Startlingly bright and cheerful after Tuol Sleng, our next stop was the King's Palace and the Silver Pagoda. Apparently the king still lives there, but tourists are only permitted to view the grounds outside.


Susie could feel her heart take wing when she discovered the shrubbery!


Left to right: Susie, me, Sarah

Saturday, September 19, 2009

The World Tetris Championships...

...should be held right here in Phnom Penh. We would OWN them. I'm convinced. Well, maybe not Tetris. Maybe it's that snake game that we should host the championships for. Or even speed-texting. All I know is that a cell phone is all that stands between many Khmer guys and Death By Boredom.

"Waiting" seems part of the job description for house helpers, guards, moto drivers, food vendors, and many others. One house on my way to school always has 3 uniformed guards sitting around, watching me walk. I pass probably 10 moto and tuk-tuk drivers in my 5-minute walk, waiting for passengers. Guys sit outside the car wash, which rarely has cars or motos to clean. I bet 30% of Phnom Penh males spend more than half their day sitting around with their cell phones. (Girls? I'm not sure. Some are vendors or collect recycled goods, but mostly they're not outside as much. They're more likely to be house helpers - cooking and cleaning - or to work in the schools, run stands in the market, raise children, etc. I'm sure many girls and guys also work in factories, unseen by my eyes.)

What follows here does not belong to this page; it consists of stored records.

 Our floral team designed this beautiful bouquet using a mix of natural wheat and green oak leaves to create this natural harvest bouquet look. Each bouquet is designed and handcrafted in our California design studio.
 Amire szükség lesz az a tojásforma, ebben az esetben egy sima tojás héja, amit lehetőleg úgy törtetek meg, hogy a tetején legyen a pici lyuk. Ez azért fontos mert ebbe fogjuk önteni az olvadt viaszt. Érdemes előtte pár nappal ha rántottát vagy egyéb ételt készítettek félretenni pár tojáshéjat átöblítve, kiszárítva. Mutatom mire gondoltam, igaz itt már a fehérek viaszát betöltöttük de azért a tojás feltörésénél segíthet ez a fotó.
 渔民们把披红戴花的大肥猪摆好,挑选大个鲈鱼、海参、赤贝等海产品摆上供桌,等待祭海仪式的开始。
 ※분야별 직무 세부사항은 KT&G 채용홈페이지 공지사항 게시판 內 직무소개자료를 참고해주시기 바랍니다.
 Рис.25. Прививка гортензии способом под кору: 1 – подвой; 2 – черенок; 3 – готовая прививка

The lounging guys make it weird for me, because as a girl, I'm not supposed to make eye contact or acknowledge them at all. But I pass them every day, and they have no qualms about staring at me, as they would at any obvious foreigner. Let's face it: a white person is 60% more interesting than Round 92 of the day on Tetris. In the US, if I passed someone daily, we'd exchange a smile, nod, or quick "how are you," but that could get me into trouble here. So I focus on the road until there's a little kid or a woman for me to smile at. Sometimes they even make a joke out of it, staring at me from a few feet away so it's really unnatural for me not to look at them, then cracking up. I sometimes glance at them out of the corner of my eye, but I'm trying to be good and not act familiar with them. (This is also a challenge when I'm in a tuk-tuk facing backward, toward all the moto drivers looking straight ahead.)

State of bewilderment

culture shock - a state of bewilderment and distress experienced by an individual who is suddenly exposed to a new, strange, or foreign social and cultural environment.

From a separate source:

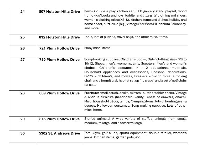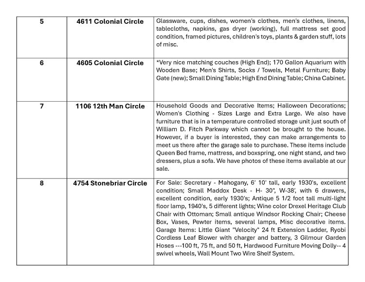PEBBLE CREEK NEIGHBORHOOD GARAGE SALE Map of Sales Here: Google Map Link PDF of Sale Location List Here: Sale Location List Also, Photos of Sale Location List Below: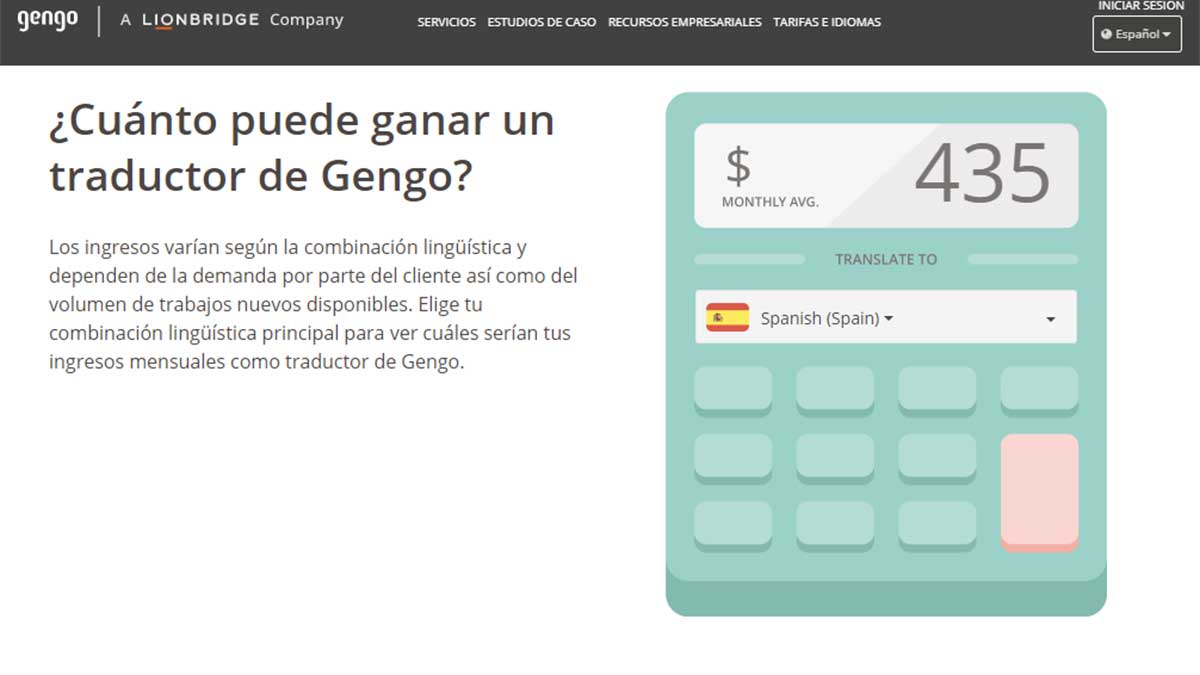 La cantidad de dinero que puede ganar un traductor de Gengo varía en función del idioma de los textos que pueda traducir, así como de la demanda de los diferentes clientes y el volumen de trabajo. Aunque, de media, un usuario que realice traducciones al español puede conseguir unos 435 dólares aproximadamente al mes, tal y como aparece en la calculadora disponible en la web de Gengo.

In France, I learned about the different stages of culture shock: first you think everything's more or less the same as at home, then you think it's fun that it's different, then you get angry with the differences, then you feel sad, and finally you grow to accept the differences and maybe even adopt some. I don't think I've been going through clear stages here: I've mixed them all up regarding various aspects of life, and I'll probably continue to for a while. But while I don't feel distressed, I have felt bewildered by several phenomena here.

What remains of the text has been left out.